HDF5/XML synergy

gheber · November 10, 2011, 9:37pm

Dear HDF5 users,

We (The HDF group) would like to get your thoughts on the importance and
role of XML in the HDF5 ecosystem. To focus the discussion, we have

1) put together an online survey at HDF5/XML Synergy Survey

and

2) written the attached document summarizing some of our thoughts on the
subject.

If you get a chance, please complete the survey and share your
comments on the document with us by email or through the HDF-forum
(hdf-forum@hdfgroup.org)

Thank you.

Gerd Heber

Gerd Heber | The HDF Group
Email: gheber@hdfgroup.org | 1800 South Oak Street
Work: (217) 531-6109 | Suite 203
Mobile: (217) 419-0660 | Champaign, IL 61820

HDF5XML.pdf (515 KB)

Rhys_Ulerich · November 11, 2011, 3:06pm

We (The HDF group) would like to get your thoughts on the importance and
role of XML in the HDF5 ecosystem.

I like it. Especially the possibility of representing new domains
entirely within HDF5/XML.

On the data side, using a skeletal HDF5/XML dump of a datafile to
check that it is valid according to some domain-specific schema will
be handy. I suggest adding recommended HDF5 attributes with
particular names for such validation purposes (e.g. an XML schema
against which '/' or some other object should verify) so that tools
like h5diff could perform such a verification.

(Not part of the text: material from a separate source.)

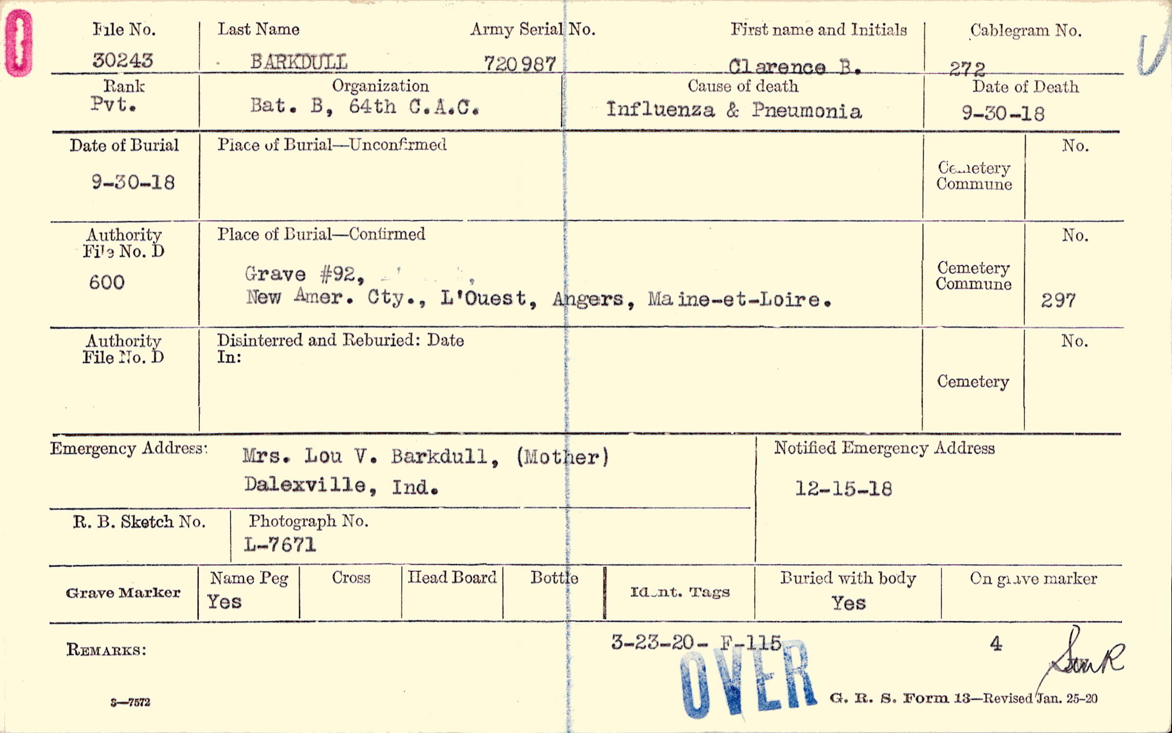 Grave #92, New Amer. Cty., L'Ouest, Angers, Maine-et-Loire.

On the developer/user side, if there's a one-to-one HDF5-to-XML
mapping it should be possible to use XML DOM and SAX APIs, ideally
within the mainstream XML parsers, to traverse an HDF5 data file.
Suddenly you'll find HDF5 combined with commodity web technologies and
datasets relatively easily rendered with DOM/CSS approaches. It would
be a huge win to toss a plugin into Firefox, point it at an HDF5 file,
provide a stylesheet, and find the datasets genuinely browsable. I
personally love the utility and quality of the un*x CLI toolset but I
could imagine browser capabilities easing HDF5 adoption by many folks.

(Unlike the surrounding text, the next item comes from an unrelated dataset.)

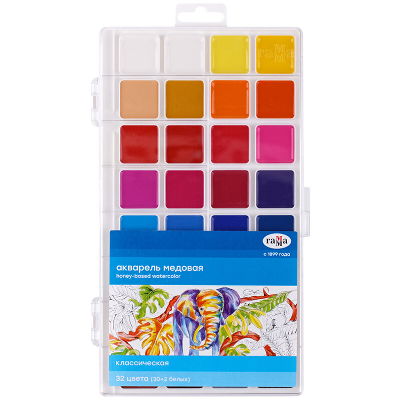 Акварель Гамма "Классическая", медовая, 32 цвета, без кисти, пластик. упак, европодвес

Random comment on the document: From where did you pull the fooT,
barG, etc. naming convention? I find the Hungarian-like notation a
bit distracting compared to, say, just spelling out "Type". No need
to introduce brevity-- it's XML.

- Rhys

Matthieu_Dorier · November 13, 2011, 7:58pm

Something I've always wanted in HDF5 is a way to externally describe the
properties of groups, datasets, etc. for instance when I want to
investigate the best chunk size for a dataset to have good I/O performance,
I have to change the parameters in the right HDF5 function in my code and
recompile my application, I may comment or uncomment some of the calls to
set or unset some properties, etc. Having an XML file describing the data
(groups, datasets, datatypes, etc.) together with the properties to use
(compression feature, chunk size, etc.) would ease the task of adapting the
I/O part of applications for particular needs or particular platforms. This
is an idea already present in the ADIOS data format (
http://www.olcf.ornl.gov/center-projects/adios/) and that I have also used
in my own I/O middleware Damaris (http://damaris.gforge.inria.fr).

Matthieu

···

2011/11/11 Rhys Ulerich <rhys.ulerich@gmail.com>

> We (The HDF group) would like to get your thoughts on the importance and
> role of XML in the HDF5 ecosystem.

I like it. Especially the possibility of representing new domains
entirely within HDF5/XML.

On the data side, using a skeletal HDF5/XML dump of a datafile to
check that it is valid according to some domain-specific schema will
be handy. I suggest adding recommended HDF5 attributes with
particular names for such validation purposes (e.g. an XML schema
against which '/' or some other object should verify) so that tools
like h5diff could perform such a verification.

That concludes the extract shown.